[Source data]
◆ ◆ ◆ ◆ ◆

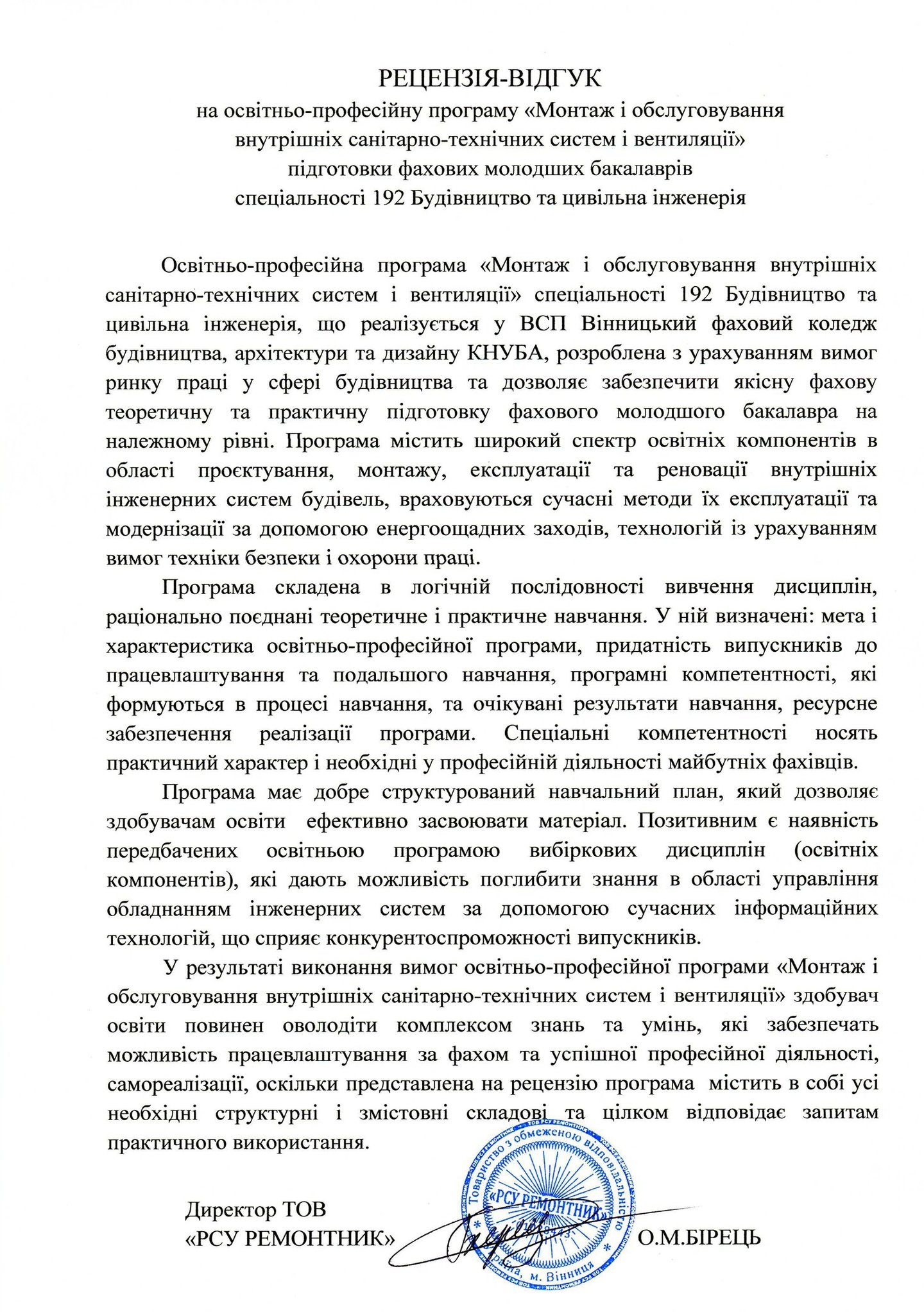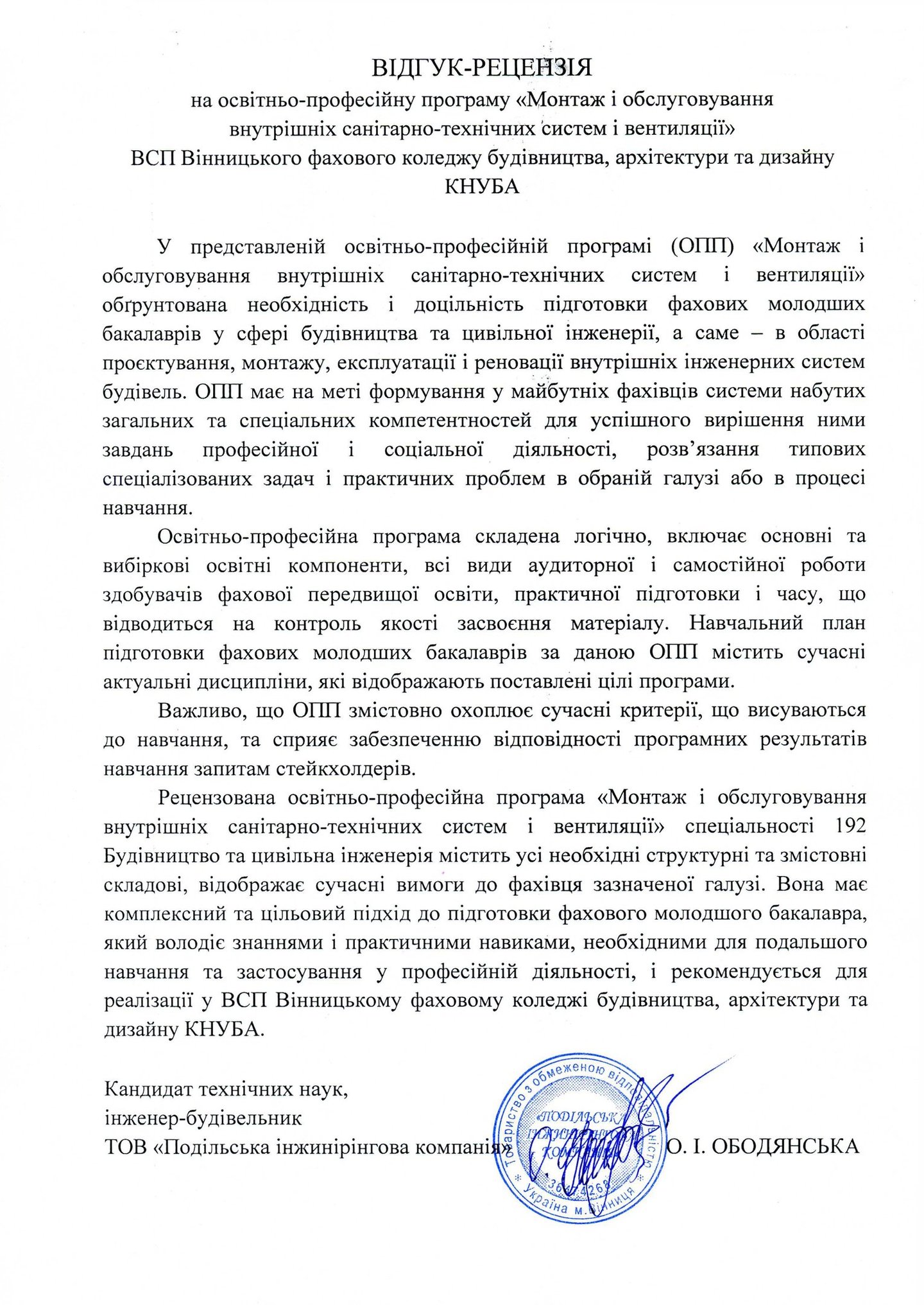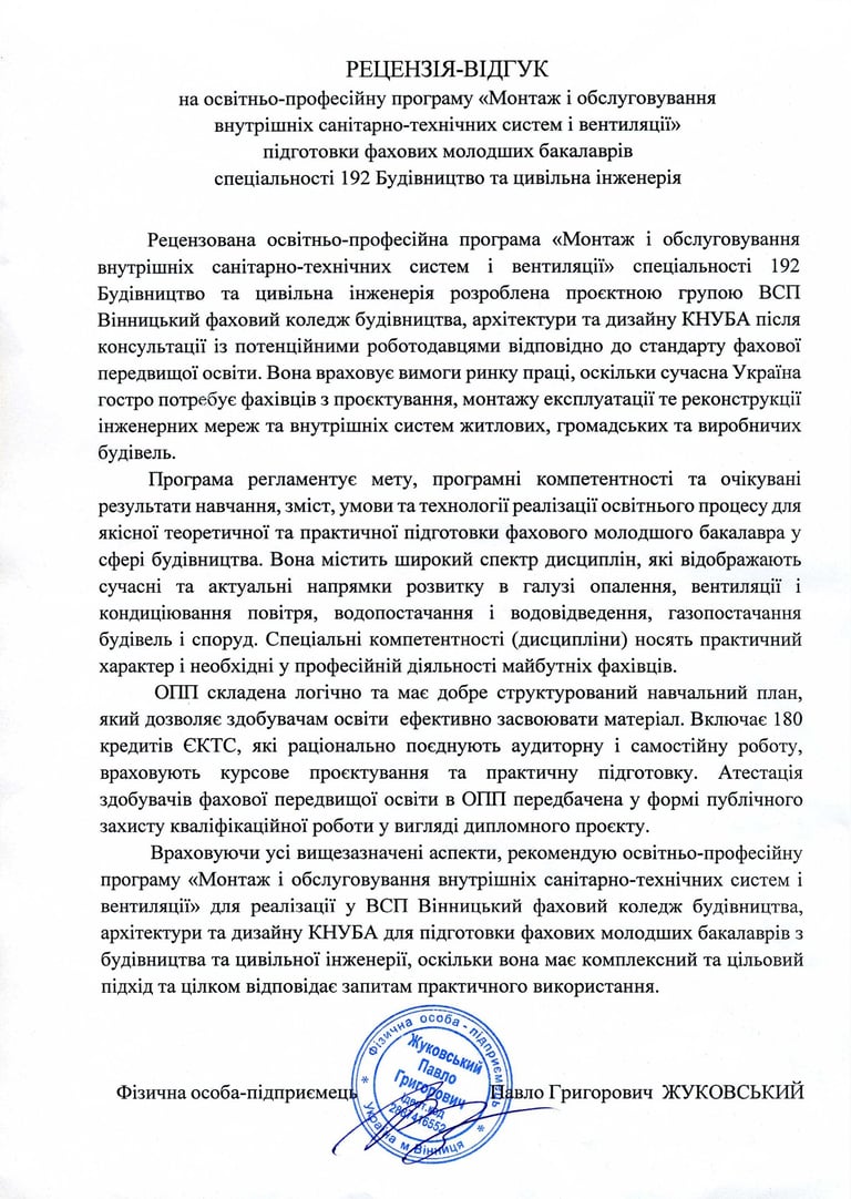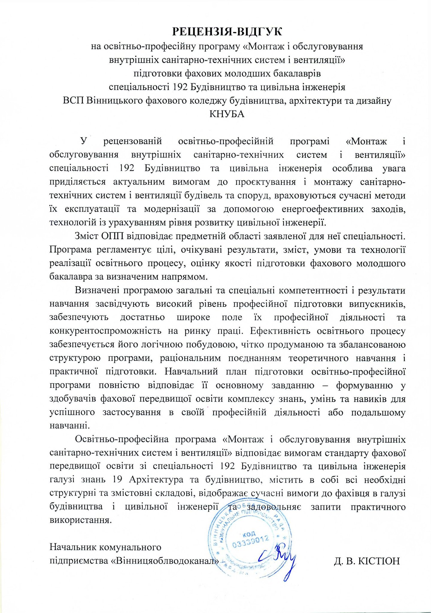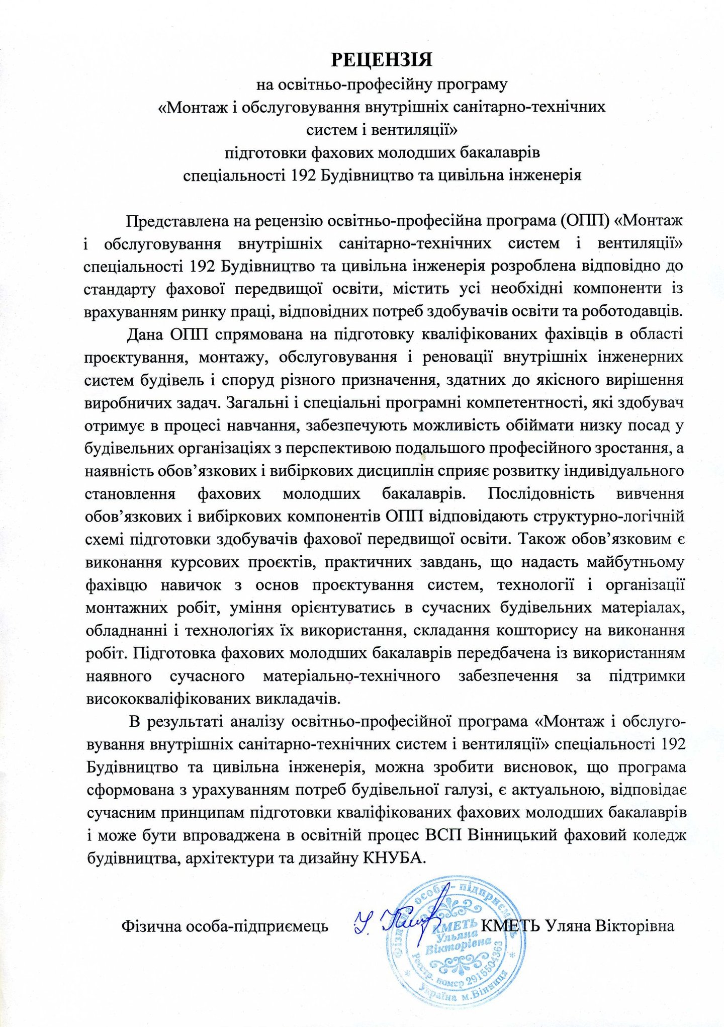 Освітньо-професійна програма "Монтаж і обслуговування внутрішніх санітарно-технічних систем і вентиляції"
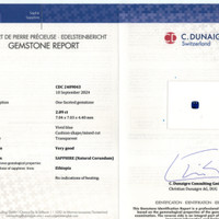 Introducing a masterpiece from The Natural Sapphire Company, this exquisite ring features a captivating 2.09 carat vivid blue sapphire. Its cushion shape measures 7.04 x 7.04 x 4.42 mm and is expertly cut in a mixed brilliant style. Certified by C.Dunaigre, this Ethiopian sapphire boasts an enchanting vivid color saturation and a clarity grade of very slightly included, ensuring that its intricate beauty is appreciated at eye level. The sapphire's allure is enhanced by an excellent polish, giving it a lustrous and radiant appearance. The origin in Ethiopia adds an exotic touch to its narrative, connecting the bearer to ancient lands known for stunning natural resources.
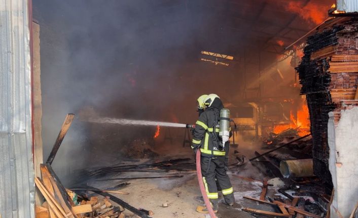 Burdur’da kereste fabrikası çıkan yangında küle döndü
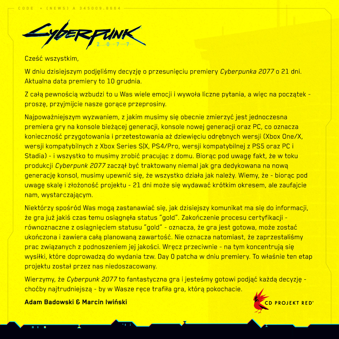 Cóż, twórcy Cyberpunka 2077 przedefiniowali dziś to określenie i okazuje się, że "złoty" status oznacza, że gra jest grywalna, że można ją przejść, ale można też przesunąć jej premierę. Niby nie dużo, bo do 10 grudnia (a więc raptem 21 dni). Powód? Oczywiście chęć doszlifowania produktu na wszystkie platformy. Zdecydowanie chodzi jednak o coś więcej niż tylko jeden czy dwa bugi - gra ma ich zapewne nadal kilkaset.
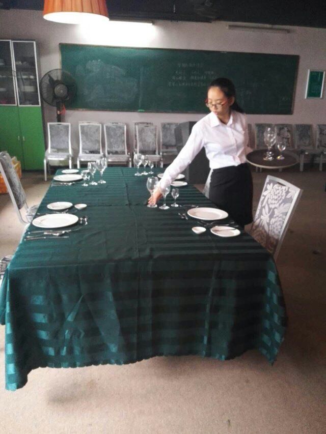 本次技能大赛主要对学生的现场操作进行评比,每场比赛包括仪容仪表和中餐宴会摆台两个主要环节,比赛现场气氛紧张而激烈,同学们经过一学期的《餐饮管理》课程的学习,在李三喜老师的精心指导下,展现出饱满的热情和娴熟的摆台操作。最后,16级酒店管理1班的蓝蔚霞,16级酒店管理2班的陈梓珊分别获得了中餐、西餐宴会摆台第一名的好成绩。

◆ ◆ ◆ ◆ ◆

> TASK GOAL:
Write out the records in full and exactly, omitting the pictures they hold.

> RESPONSE:
 Освітньо-професійна програма "Монтаж і обслуговування внутрішніх санітарно-технічних систем і вентиляції"
 Introducing a masterpiece from The Natural Sapphire Company, this exquisite ring features a captivating 2.09 carat vivid blue sapphire. Its cushion shape measures 7.04 x 7.04 x 4.42 mm and is expertly cut in a mixed brilliant style. Certified by C.Dunaigre, this Ethiopian sapphire boasts an enchanting vivid color saturation and a clarity grade of very slightly included, ensuring that its intricate beauty is appreciated at eye level. The sapphire's allure is enhanced by an excellent polish, giving it a lustrous and radiant appearance. The origin in Ethiopia adds an exotic touch to its narrative, connecting the bearer to ancient lands known for stunning natural resources.
 Burdur’da kereste fabrikası çıkan yangında küle döndü
 Cóż, twórcy Cyberpunka 2077 przedefiniowali dziś to określenie i okazuje się, że "złoty" status oznacza, że gra jest grywalna, że można ją przejść, ale można też przesunąć jej premierę. Niby nie dużo, bo do 10 grudnia (a więc raptem 21 dni). Powód? Oczywiście chęć doszlifowania produktu na wszystkie platformy. Zdecydowanie chodzi jednak o coś więcej niż tylko jeden czy dwa bugi - gra ma ich zapewne nadal kilkaset.
 本次技能大赛主要对学生的现场操作进行评比,每场比赛包括仪容仪表和中餐宴会摆台两个主要环节,比赛现场气氛紧张而激烈,同学们经过一学期的《餐饮管理》课程的学习,在李三喜老师的精心指导下,展现出饱满的热情和娴熟的摆台操作。最后,16级酒店管理1班的蓝蔚霞,16级酒店管理2班的陈梓珊分别获得了中餐、西餐宴会摆台第一名的好成绩。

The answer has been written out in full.